> _Exercise instructions_
Pictures stay out. Extract the lines below from the first one through the line with "135 lugares da", both included.

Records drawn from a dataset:
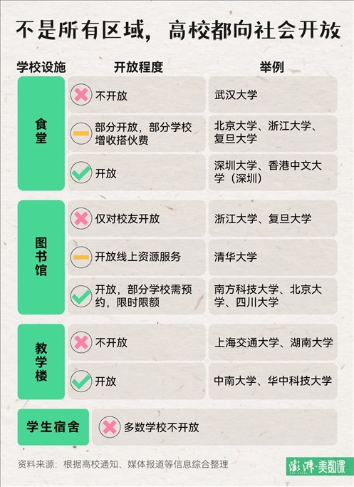 最令在校學(xué)生頭疼的要與游客爭搶學(xué)校資源的問題,例如食堂、圖書館和教學(xué)樓等,各個學(xué)校在決定開放校園的同時也給出了相關(guān)規(guī)定。
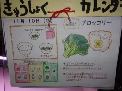「ブロッコリーのおかかににつかっていたブロッコリーは私の好きなやさいなので,とてもうれしく食べられました。すきやきはとても温かくて,ほっぺがおちそうなくらいおいしかったです。いつもおいしいきゅう食を作ってくれてありがとうございます。」(3年生)
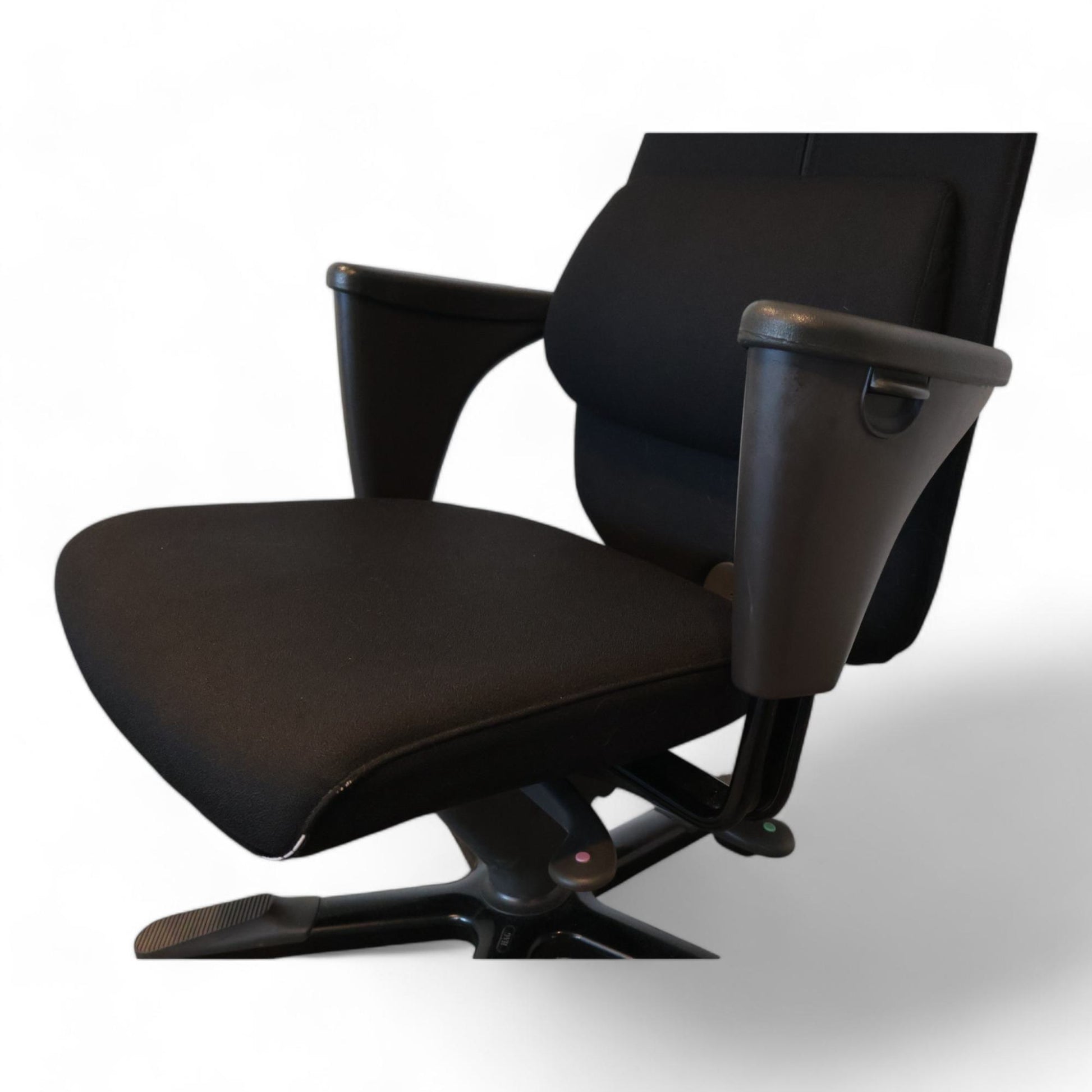Hev/senk-funksjonen er treig, men fungerer med litt hjelp. Stolen er ellers i god stand og klar til bruk.
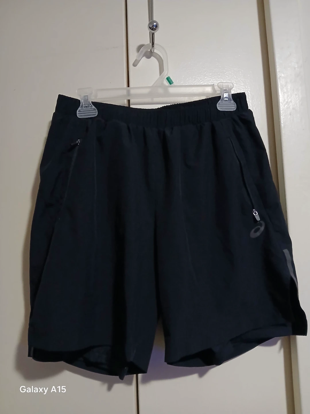 Black Asics running shorts with zippered pockets and reflective accents. These shorts are designed for athletic performance. They're lightweight and breathable for comfortable wear during workouts.
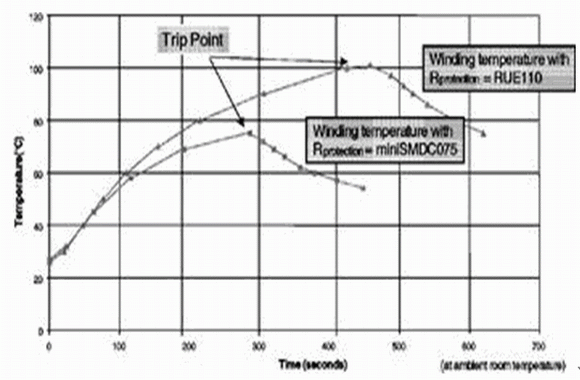 - PPTC元件非常適合在過熱故障時提供有效保護
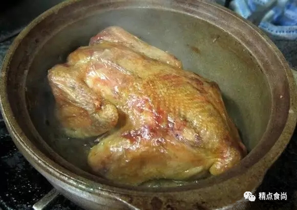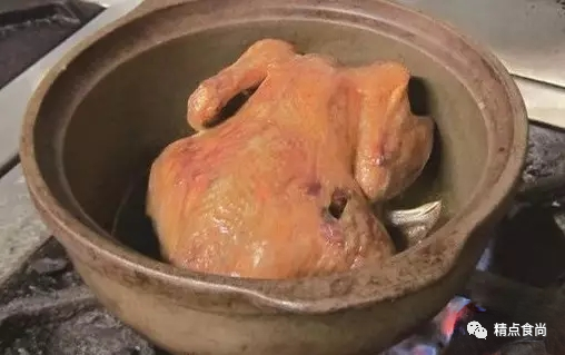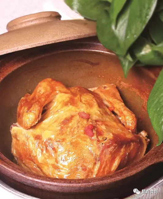 2.嫩鸡15只宰杀治净(重约900克/只),冲净后放入茶香水浸泡2小时,取出沥干水分,分装入15个砂煲,放入蒸箱大火蒸20分钟,此时鸡皮微黄,因蒸汽渗入,砂煲底部已有汤汁,取出放入烤箱,调至底火150℃、面火170℃烤40分钟,待鸡皮金黄、鸡油渗出,取出放置一旁备用。
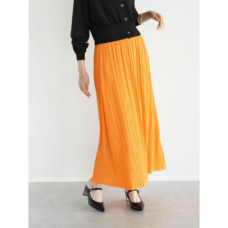 動く度に洗練された表情を与えるワッシャー加工を施したスカート。ウエスト部分のブラックのリブデザインが、インスタイルをした時のコーデのアクセントに。裏地付きで、ウエストは総ゴム仕様なのでリラックスして着用頂けます◎これからの時期にピッタリの鮮やかなオレンジとキミドリの2色展開です。 ※撮影画像は、光の当たり具合やお使いのモニター設定、お部屋の照明等により実際の商品と色味が異なる場合がございます。一番実物に近いお色味は生地画像でございます。
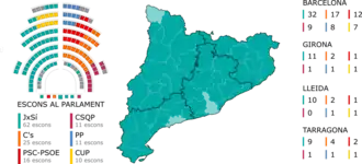 135 lugares da Generalitat da Catalunha 68 assentos necessários para maioria | ||||||||||||||||||||||||||||||||||||
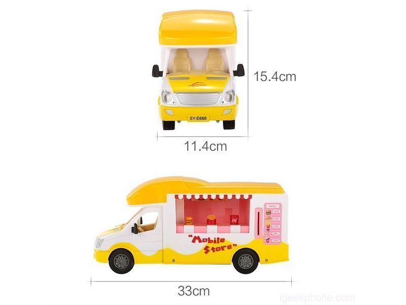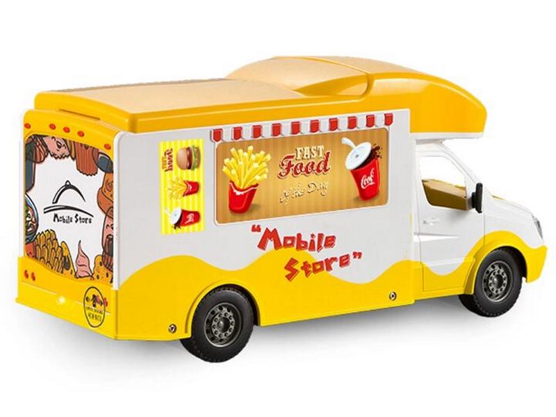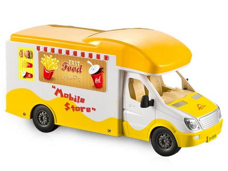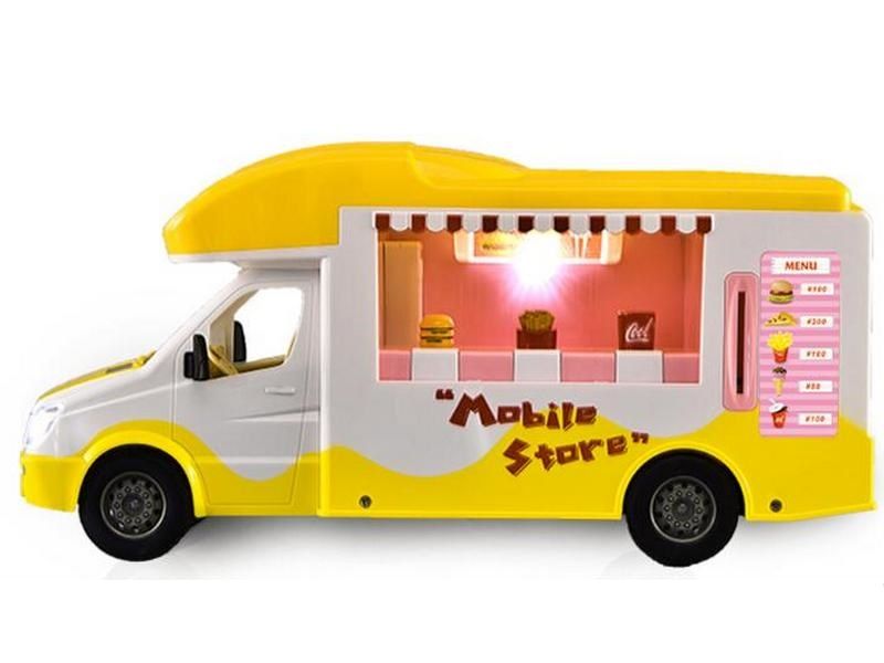 Фургон Магазин на колесах открывается дистанционно и превращается в настоящий магазин самообслуживания. Опустив монетку в монетоприемник можно выбрать себе понравившийся продукт. Монетка не исчезнет безвозвратно, ее после игры можно забрать, открыв заднюю дверь. Под потолком фургона Магазин на колесах установлена подсветка, которая активируется кнопкой на пульте.
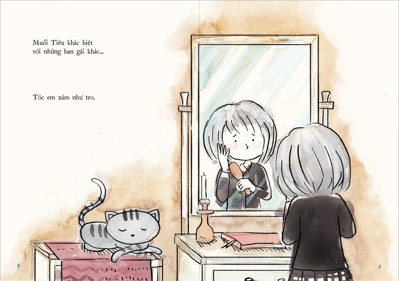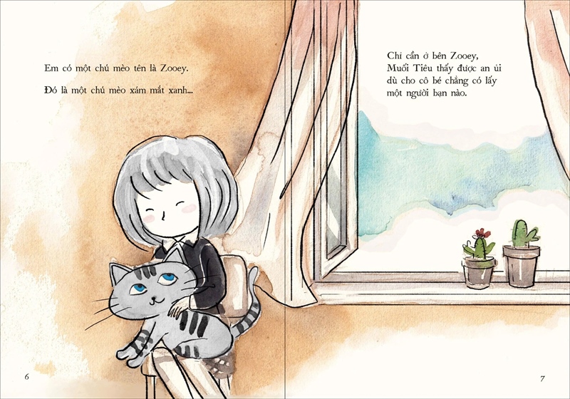 Muối Tiêu rất khác biệt. Tóc cô bé xám như tro, và em chỉ có độc một chú mèo xám Zooey bầu bạn. Ai ai cũng gọi em là “Muối Tiêu”.

> _Your response_
 最令在校學(xué)生頭疼的要與游客爭搶學(xué)校資源的問題,例如食堂、圖書館和教學(xué)樓等,各個學(xué)校在決定開放校園的同時也給出了相關(guān)規(guī)定。
「ブロッコリーのおかかににつかっていたブロッコリーは私の好きなやさいなので,とてもうれしく食べられました。すきやきはとても温かくて,ほっぺがおちそうなくらいおいしかったです。いつもおいしいきゅう食を作ってくれてありがとうございます。」(3年生)
Hev/senk-funksjonen er treig, men fungerer med litt hjelp. Stolen er ellers i god stand og klar til bruk.
 Black Asics running shorts with zippered pockets and reflective accents. These shorts are designed for athletic performance. They're lightweight and breathable for comfortable wear during workouts.
 - PPTC元件非常適合在過熱故障時提供有效保護
 2.嫩鸡15只宰杀治净(重约900克/只),冲净后放入茶香水浸泡2小时,取出沥干水分,分装入15个砂煲,放入蒸箱大火蒸20分钟,此时鸡皮微黄,因蒸汽渗入,砂煲底部已有汤汁,取出放入烤箱,调至底火150℃、面火170℃烤40分钟,待鸡皮金黄、鸡油渗出,取出放置一旁备用。
 動く度に洗練された表情を与えるワッシャー加工を施したスカート。ウエスト部分のブラックのリブデザインが、インスタイルをした時のコーデのアクセントに。裏地付きで、ウエストは総ゴム仕様なのでリラックスして着用頂けます◎これからの時期にピッタリの鮮やかなオレンジとキミドリの2色展開です。 ※撮影画像は、光の当たり具合やお使いのモニター設定、お部屋の照明等により実際の商品と色味が異なる場合がございます。一番実物に近いお色味は生地画像でございます。
 135 lugares da Generalitat da Catalunha 68 assentos necessários para maioria | ||||||||||||||||||||||||||||||||||||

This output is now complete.